Data from Canada throws some shade on the idea.
In response to Covid-19, Canada put out a targeted version of UBI without explicitly calling it such. Named the Canada Emergency Response Benefit, or CERB, a six-month program that paid anyone who had lost their job or had their income fall below $1,000 a month a CAD $2,000 stipend. However, in practicality this wasn’t a means tested program. Anyone that applied got it, with the promise that authorities would follow-up later. But the chances of that happening are slim. With 8.9 million applications, roughly 44% of the Canadian labor force applied despite an unemployment rate of 8.5% that’s slowly trickling downwards.
Regardless, this is a long-awaited datapoint as to the question of inflation and UBI. And the result? Virtually non-existent. As of June, Delotte noted that inflation was well below what was expected as in a world where we stay home and consume less demand for goods was still quite weak. By October, inflation was virtually flat. Keep in mind this isn’t a good sign either, as a weakened economy was a moderator on asset prices but the reality is people just can’t consume as much when they are stuck at home.
How was the CERB distributed? Via bank money on payment rails organized by the country’s tax agency. But are there more efficient ways, like through a Central Bank Digital Currency?

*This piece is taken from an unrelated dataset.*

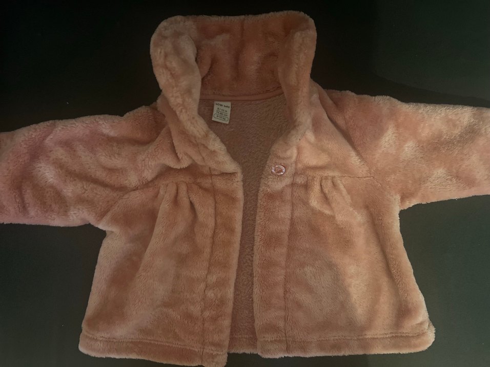 Bej renkte, yumuşak peluş detaylı, çentikli yaka ve bol kesim kız çocuk ceketi. Az kullanıldı yeni gibi ve yumuşacık.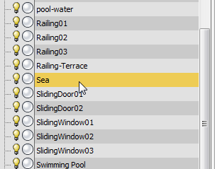 - Klicken Sie im Szenen-Explorer-Bereich auf das Objekt Meer, um es zu markieren.

CBDCs and Universal Basic Income
One of the hottest terms in fintech throughout 2020 — aside from Bitcoin — has been the idea of a Central Bank Digital Currency, or CBDC. A CBDC is a digital form of central bank money issued by a central bank on a digital ledger (similar to a blockchain). This is opposed to digitized commercial bank money which is money held by a bank that has been digitized. It’s the kind of money used when you pay via a mobile app or debit card.

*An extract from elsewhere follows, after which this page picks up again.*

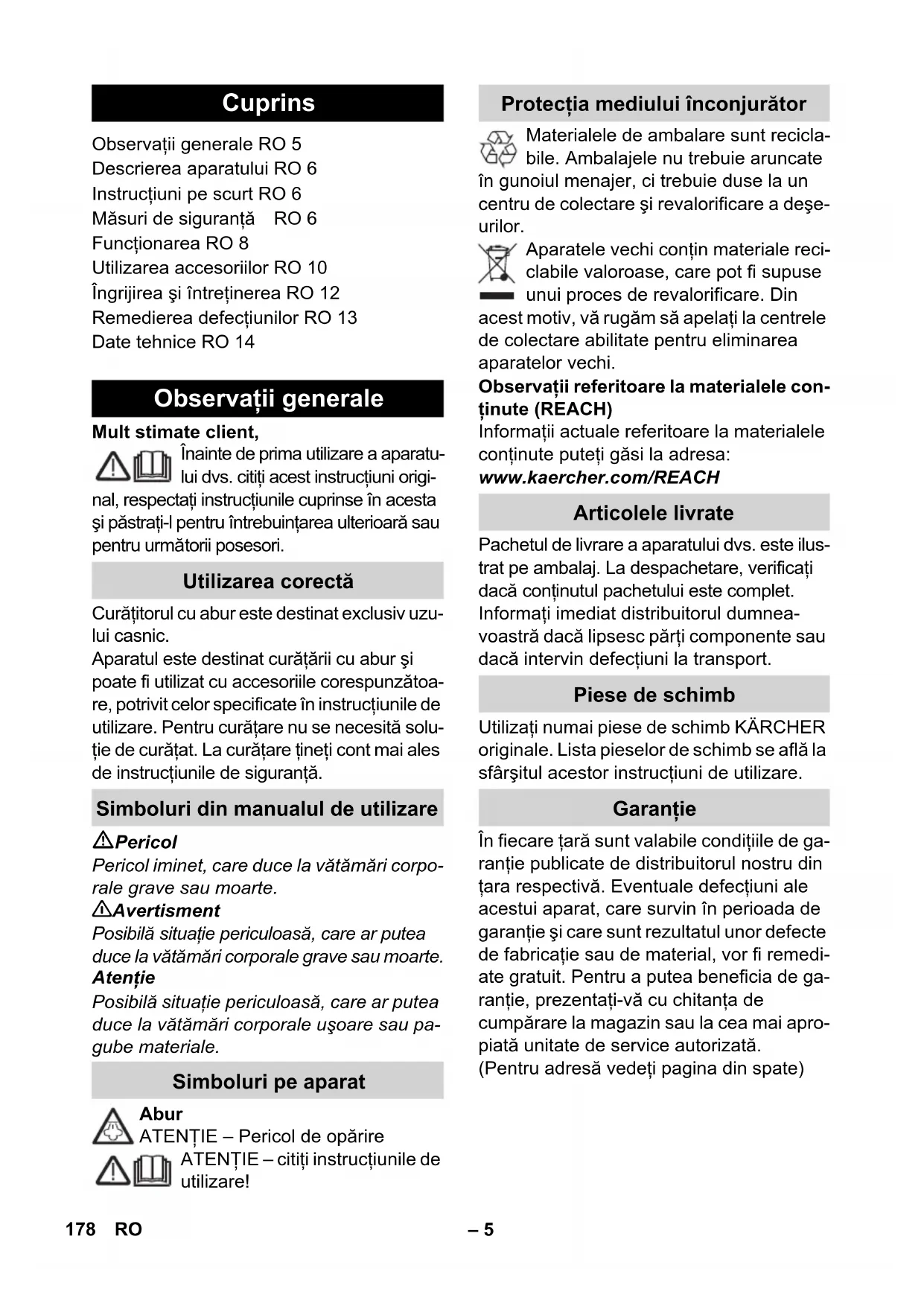 Conexiunea dintre cablul de alimentare şi prelungitor nu trebuie să se afle în apă. La înlocuirea racordurilor de la cablul de alimentare sau prelungitor trebuie asigurate protecţia la stropirea cu apă şi rezistenţa mecanică. Beneficiarul are obligaţia de a utiliza aparatul conform prevederilor. El trebu- ie să ţină cont de împrejurările de la faţa locului şi, în timpul lucrului, să fie atent la persoanele din preajmă. Acest aparat poate fi utilizat de către copiii de peste 8 ani şi persoane cu ca- pacităţi fizice, senzoriale sau mintale li- mitate sau de către persoane care nu dispun de experienţa sau cunoştinţa necesară doar atunci când sunt supra- vegheaţi şi au fost instruiţi în prealabil în legătură cu utilizarea sigură a aparatu- lui şi cunosc pericolele legate de aces- ta. Nu lăsaţi copiii să se joace cu aparatul. Curăţarea şi întreţinerea fieru- lui de călcat pot fi efectuate de copii doar dacă sunt nesupravegheaţi. Aparatul nu va fi lăsat să funcţioneze nesupravegheat. Atenţie la curăţarea pereţilor cu faianţă care au prize. Atenţie Atenţie la cablul de conectare sau la prelungitor, trebuie să fie în bună stare, nu îndoite, crăpate sau uzate, etc. Ca- blurile de reţea se vor proteja contra căldurii excesive, uleiurilor, muchiilor ascuţite. Nu introduceţi niciodată în rezervorul de apă solvenţi, lichizi cu conţinut de sol- venţi sau acizi nediluaţi (de ex. agenţi de curăţare, benzină, diluant sau aceto- nă), deoarece acestea atacă materiale- le utilizate pentru construcţia aparatului. Aparatul trebuie amplasat pe o suprafa- ţă de sprijin stabilă. Puneţi aparatul în funcţiune şi depozitaţi-l doar conform descrierilor şi a figurilor! Nu blocaţi niciodată maneta pentru abur în timpul utilizării aparatului. Feriţi aparatul de ploaie. Nu îl depozitaţi în spaţii deschise. Atenţie Dispozitivele de siguranţă servesc pentru protecţia utilizatorului şi nu este permisă modificarea sau scoaterea din funcţiune a acestora. Vă recomandăm, ca înainte de a utiliza cu- răţătorul cu abur să măturaţi sau să aspiraţi podeaua. Astfel podeaua va fi curăţată de murdărie/particule libere înainte de curăţa- rea umedă. În timpul întrebuinţării, regulatorul de presi- une menţine presiunea rezervorului la o va- loare cât mai constantă posibil. Dacă în rezervor se atinge presiunea maximă de funcţionare, încălzirea este oprită. Reporni- rea are loc dacă scade presiunea din rezer- vor, ca urmare a degajării aburului. Dacă regulatorul de presiune şi termostatul cazanului nu funcţionează din cauza unei defecţiuni şi aparatul se supraîncălzeşte, atunci termostatul de siguranţă opreşte aparatul. Pentru resetarea termostatului de siguranţă, adresaţi-vă unui service KÄR- CHER autorizat. Dispozitive de siguranţă Curăţarea suprefeţelor de pardoseală Regulatorul de presiune Termostatul de siguranţă 180 RO– 8 Capacul de siguranţă asigură închiderea rezervorului, nepermiţând aburului să iasă. Dacă s-a defectat regulatorul de presiune şi în rezervor are loc o creştere excesivă a presiunii, atunci în capacul de siguranţă se deschide o supapă de suprapresiune şi aburul poate fi evacuat prin capac. Înainte de repunerea în funcţiune a apara- tului, adresaţi-vă unui service KÄRCHER autorizat. Pentru imagini vezi pagina interioară! Figura Aplicaţi şi fixaţi rola de ghidare şi roţile de transport. Deschideţi capacul prizei aparatului. Introduceţi fişa pentru abur şi fixaţi-o în priza aparatului La introducerea în pri- ză, fişa trebuie să se fixeze perceptibil auditiv. Pentru deconectare: Apăsaţi în jos ca- pacul prizei aparatului şi trageţi din pri- ză fişa pentru abur. Figură + Cuplaţ i accesoriile necesare (vezi capi- tolul "Utilizarea accesoriilor") cu pistolul pentru abur. Pentru aceasta introduceţi capătul deschis al accesoriului pe pisto- lul de abur şi împingeţi-l pe pistol până când butonul de deblocare a pistolului de abur se fixează. Figura Dacă este necesar utilizaţi ţeava de prelungire. Pentru acesta conectaţi ţea- va sau ţevile de prelungire de pistolul de abur. Împingeţi accesoriul necesar pe capătul liber al ţevii de prelungire. Pericol În cazul detaşării unor accesorii, este posi- bilă scurgerea picăturilor de apă fierbinte ! Nu desprindeţi niciodată accesoriile în timp ce iese abur – pericol de arsuri ! Reglaţi selectorul pentru cantitatea de abur în spate (maneta pentru abur este blocată). Figura Pentru desprinderea accesoriilor, apă- saţi butonul de deblocare şi trageţi pie- sele una din alta. Notă: În cazul utilizării continue a apei dis- tilate din comerţ nu este necesară decalci- fierea rezervorului. Atenţie Nu utilizaţi apă de condens din uscătorul de rufe! Nu introduceţi soluţii de curăţat sau alţi aditivi! Desfaceţi capacul de siguranţă. Goliţi complet apa rămasă în rezervor (vezi figura ). Introduceţi în rezervor maxim 1 litru de apă proaspătă de la robinet. Observaţie: Apa caldă contribuie la re- ducerea timpului de încălzire. Înşurubaţi capacul de siguranţă la loc. Aşezaţi aparatul pe o suprafaţă stabilă. Atenţie Nu transportaţi aparatul în timpul lucrării de curăţare. Se introduce ştecherul în priză. Apăsaţi comutatorul de pornire pentru a porni aparatul. Ambele becuri de control trebuie să fie aprinse. Atenţie Porniţi aparatul numai, dacă în rezervor este apă. În caz contrar, aparatul se poate supraîncălzi (a se consulta posibilităţile de remediere din secţiunea Defecţiuni). După cca. 8 minute se stinge becul de control portocaliu – încălzire. Curăţătorul cu abur este gata de utilizare. Capacul de siguranţă Funcţionarea Montarea accesoriilor Desprinderea accesoriilor Umplerea cu apă Porniţi aparatul 181RO– 9 Cu ajutorul selectorului pentru cantitatea de abur puteţi reg

China is considered the leader in this field with its digital RMB, known as DCEP. But the Accenture-backed Digital Dollar Project, led by Christopher Giancarlo, former Commodity Futures Trading Commission chairman, is positioning the US to play catch-up.
Although Giancarlo argues that the US needs to update its financial infrastructure, arguing that the Federal Reserve offering tokens alongside notes is the way to do it, a US CBDC just doesn’t seem to have the institutional interest — let alone adopting it to distribute stimulus — that China’s digital RMB has. Part of this has to do with China’s money supply problem: the success of mobile payment platforms like Tencent’s AliPay means that the country has a bubble of digitized money, known as M2, sitting in commercial banks. As M2 money is hard to control when compared to base layer money, or M0, China’s central bank would prefer to flatten the curve. How does it do this? By building a competing payment rail via its own CBDC and forcing this to be integrated into the likes of AliPay.

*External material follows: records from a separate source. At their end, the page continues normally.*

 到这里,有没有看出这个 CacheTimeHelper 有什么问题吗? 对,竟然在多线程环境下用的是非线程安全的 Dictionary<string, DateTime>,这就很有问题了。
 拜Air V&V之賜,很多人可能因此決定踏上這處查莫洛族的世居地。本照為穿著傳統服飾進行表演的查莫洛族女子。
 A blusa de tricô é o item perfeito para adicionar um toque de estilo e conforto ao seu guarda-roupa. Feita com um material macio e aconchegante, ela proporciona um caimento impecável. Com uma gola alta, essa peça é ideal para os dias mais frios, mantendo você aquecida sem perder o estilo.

Back to the US — a lack of pressure to develop a CBDC means that China will launch it first by a long shot. But hypothetically speaking, if the US were to develop a CBDC would it be useful to distribute stimulus?
While there are theoretical advantages, the reality is, according to one specialist at a central bank that spoke on the condition of no attribution, that it would be too difficult to get buy-in from the general public. They argued that an unfamiliar digital payment platform would be too burdensome for many over a check or cash, and the risk for scams increases dramatically.
“Would it be worth creating a CBDC for this, when there are perfectly good alternatives? Probably not,” they said. “ Is there anything that a CBDC could do that couldn’t be done perfectly well by commercial bank money, existing payment systems, or a private money (a stablecoin, for instance)? If the answer is “no,” then it’s not obvious why a central bank would go to the trouble and expense.”